L’annulation de l’ensemble de ces dispositions est rétroactive.

 

Sylvaine Pelle-Grassin
Directeur Adjoint - Cabinet d'administration de Biens et Formatrice en immobilier

2. Point  sur le vote du mandataire à l’assemblée générale des copropriétaires

- Par deux arrêts,  la 3° chambre civile de la cour de cassation a précisé opportunément le régime du vote par mandataire en assemblée générale :

    • la première décision (8 septembre 2016 n° 15-23.422) décide pour la 1ère fois que le vote du mandataire n’engage le copropriétaire mandant et absent que sur un point inscrit à l’ordre du jour figurant dans la convocation à l’AG.

    On sait qu’il est impossible au mandant de contester une décision prise par exemple à l’unanimité, car seul un opposant est recevable à le faire, et que tel n’est pas le cas d’un copropriétaire qui a désigné un mandataire votant effectivement la résolution critiquée. Le syndic ne saurait s’immiscer dans ce vote, le mandat régulier faisant du vote du mandataire celui du mandant, les rapports entre eux, notamment en cas de dépassement des pouvoirs attribués étant inopposables au syndicat. S’il s’agit d’une question dont le mandant n’avait pas connaissance – car ne figurant pas à l’ordre du jour, il peut au contraire ne pas être tenu comme engagé par la position prise par son mandataire qui aurait alors improvisé.

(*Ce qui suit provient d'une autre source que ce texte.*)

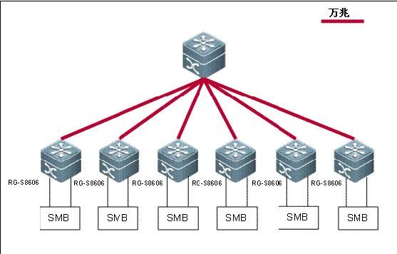 这里主要测试CPP抗攻击的能力。测试数据流用SMB产生,选取得观察点为图中最右边的RG-S8606,每台RG-S8606的配置为:

    • Un second arrêt de la même chambre du même jour (n°15-20.860) évoque le cas où le mandataire ne respecterait pas le mandat impératif qu’il reçoit. Là encore, est inopposable au syndicat le contenu du mandat, seul étant pris en compte le vote tel qu’il a été exprimé, fut-ce au mépris du mandat et le syndic qui empêcherait le titulaire du mandat de violer les consignes du mandat impératif commettrait une faute de nature à entrainer sa responsabilité.